Смотрит на нее с укоризной, а она словно не замечает и продолжает умиляться сюрпризу. Так ведь и поверит, что он сразу все задумал.
— Вы не ужинали сегодня. И вряд ли обедали, раз ко мне не успели заехать. — вдруг произносит она, ныряет в корзинку, достает виноградную гроздь и медленно, по ягодке начинает кормить его.
Воспитательский запал уже давно стих, и не остается ничего назидательного в этой поездке, но она наслаждается, и это само по себе хорошо.
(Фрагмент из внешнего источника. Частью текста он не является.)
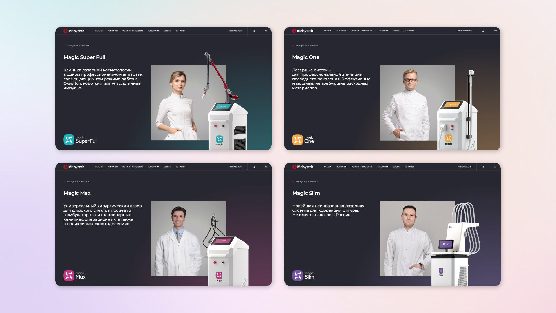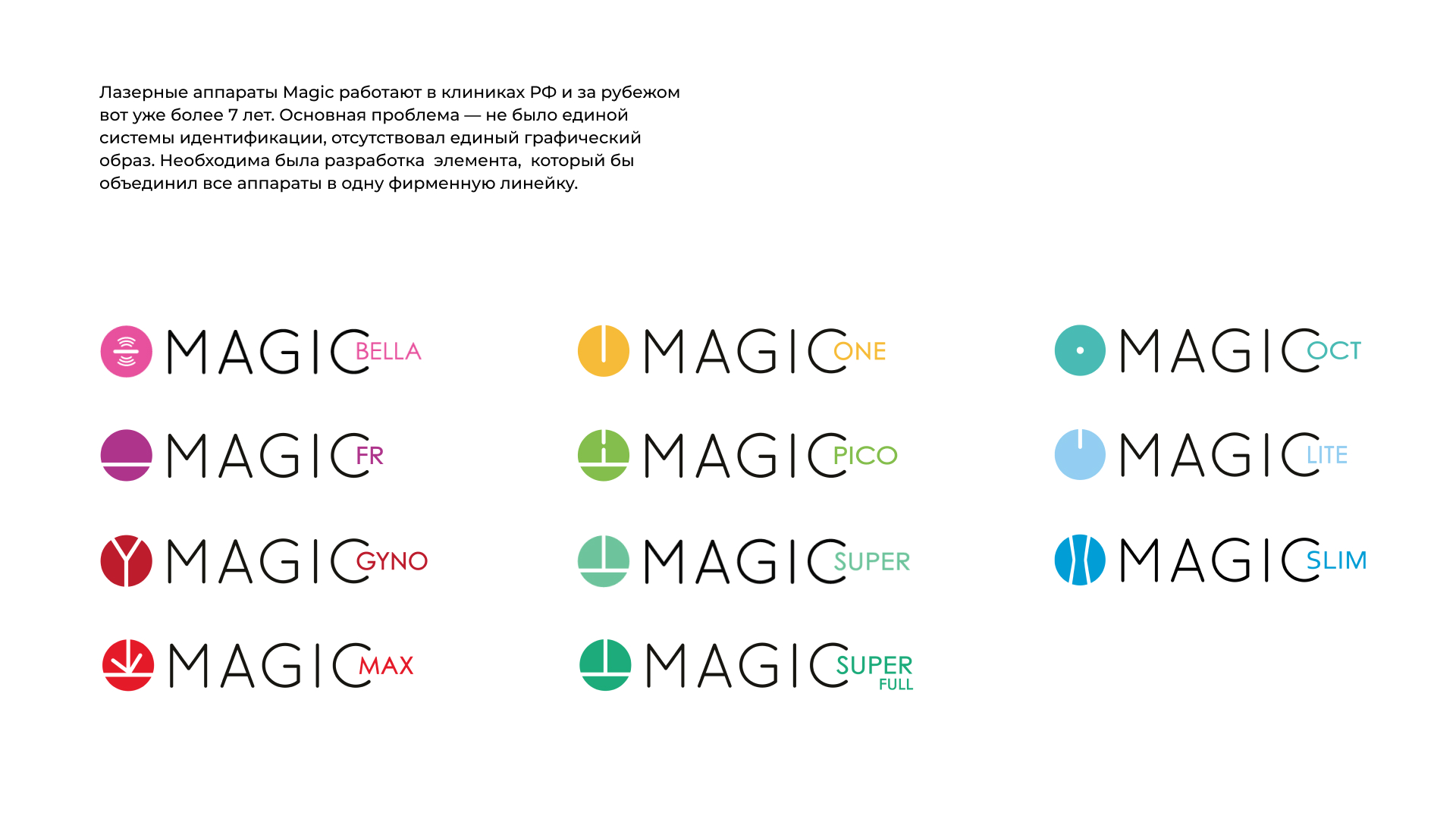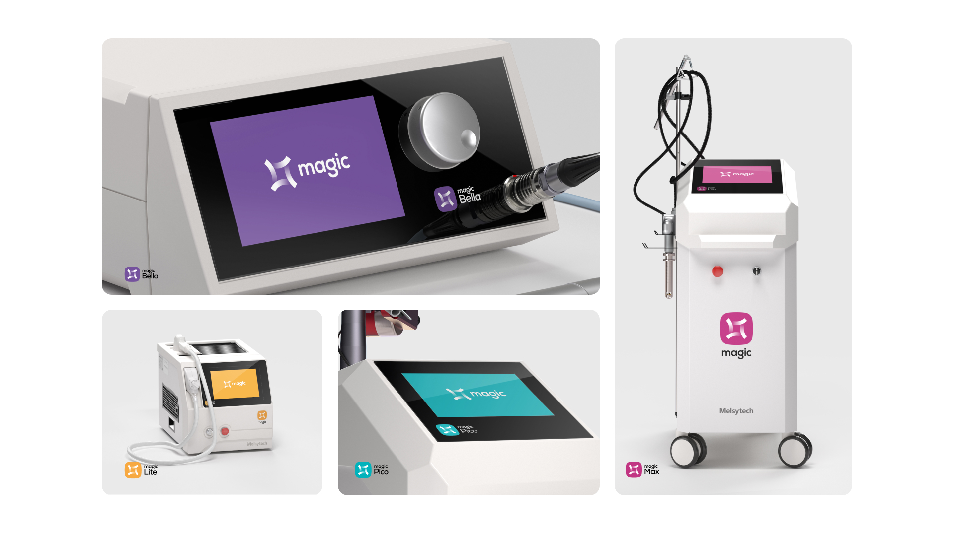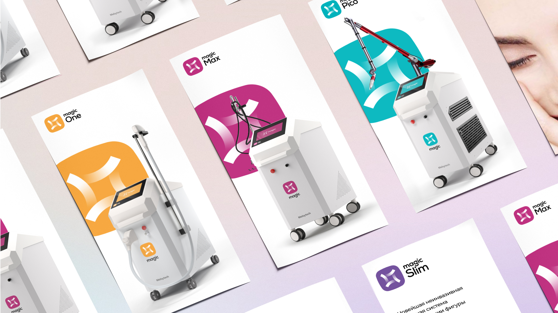 Система айдентики Magic для линейки профессиональных лазерных аппаратов от компании Melsytech решила основную проблему прежней идентификации бренда — отсутствия единого графического образа. Ранее в зависимости от модели менялся и фирменный знак, при этом гарнитура оставалась единой. Это вводило в заблуждение клиентов и партнёров компании, что сказывалось на продажах и аренде оборудования.
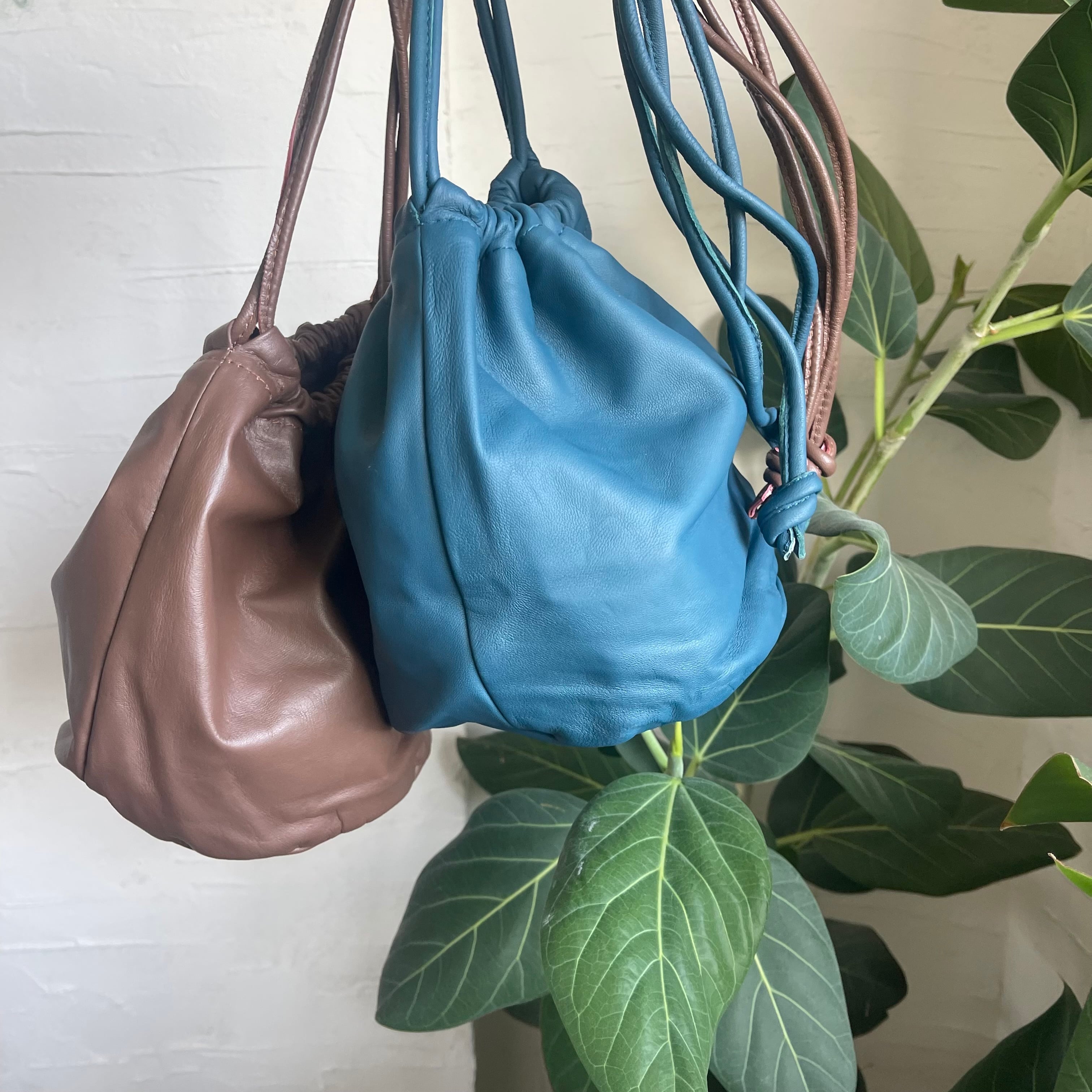 柔らかなラムレザーの巾着バッグ。

— Я хотел привести Вас сюда на наш медовый месяц. — Он осмотрелся. По углам теснились тени, единственный подсвечник освещал бутылки, хорошо хоть диванчик нашелся рядом. — Здесь очень красиво. Днем.
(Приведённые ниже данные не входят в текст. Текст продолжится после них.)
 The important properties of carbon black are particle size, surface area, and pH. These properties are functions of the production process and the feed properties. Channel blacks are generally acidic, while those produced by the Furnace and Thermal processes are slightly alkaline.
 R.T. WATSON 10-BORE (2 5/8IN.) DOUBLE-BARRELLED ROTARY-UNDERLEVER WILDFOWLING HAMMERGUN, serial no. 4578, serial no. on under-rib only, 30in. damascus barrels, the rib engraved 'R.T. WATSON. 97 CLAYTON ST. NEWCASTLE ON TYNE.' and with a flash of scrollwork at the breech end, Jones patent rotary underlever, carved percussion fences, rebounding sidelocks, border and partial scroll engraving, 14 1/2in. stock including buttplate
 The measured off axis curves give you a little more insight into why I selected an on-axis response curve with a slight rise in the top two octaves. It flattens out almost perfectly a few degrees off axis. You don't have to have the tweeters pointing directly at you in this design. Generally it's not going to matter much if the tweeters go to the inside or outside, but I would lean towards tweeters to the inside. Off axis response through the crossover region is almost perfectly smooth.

Она оставляет в покое еду, зарывается лицом в его ладони.
— Спасибо. Мне очень нравится. — касается запястий губами. — Покажете мне дом?
Он эту дачу присмотрел случайно, ее крайне редко используют для нужд министерства, зато она совершенно безопасна. Правда вот заблудится в переходах не составляет труда. В конце концов через потайную дверь одной из полупустых комнат они случайно находят спальню.
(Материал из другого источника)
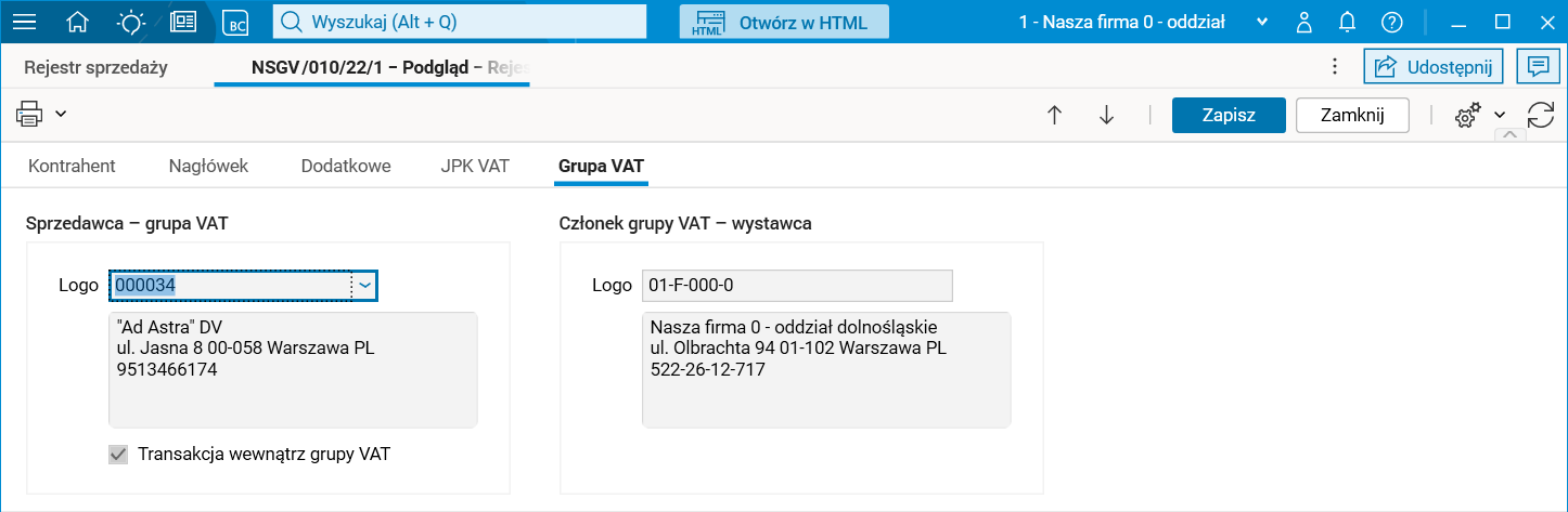 Nowa zakładka Grupa VAT w nagłówku dokumentu zawiera nieedytowalne dane o podmiocie, który dokonał sprzedaży, czyli:

— Ой. — от взмаха руки свечи гаснут, но удовлетворение в голосе намекает на полное отсутствие раскаяния.
Она спиной прижимается к его груди, только слегка поводит головой, касаясь щекой бороды, и вот уже серьезный и уравновешенный статский советник срывает свою и ее одежду, на этот раз корсет предусмотрительно расстегивается от легкого дыхания, роняет ее на кровать. Вытянувшись в струну, с заброшенными за голову руками, она словно скрипка, на которой хочется сыграть самую невероятную пьесу. Тюхтяев наконец добрался до того, за чем напряженно наблюдал весь вечер и теперь жадно целовал это горячее тело. Она на этот раз ведет себя куда раскованнее, все же корсет тогда многому помешал. Гибкая, с тонкой кожей, под которой лихорадочно пульсирует кровь. Пылкая, нежная, страстная. Вот он и раскрыл тайну, мучавшую с мая, и понял, что отныне не сможет спокойно наблюдать за ее конными прогулками.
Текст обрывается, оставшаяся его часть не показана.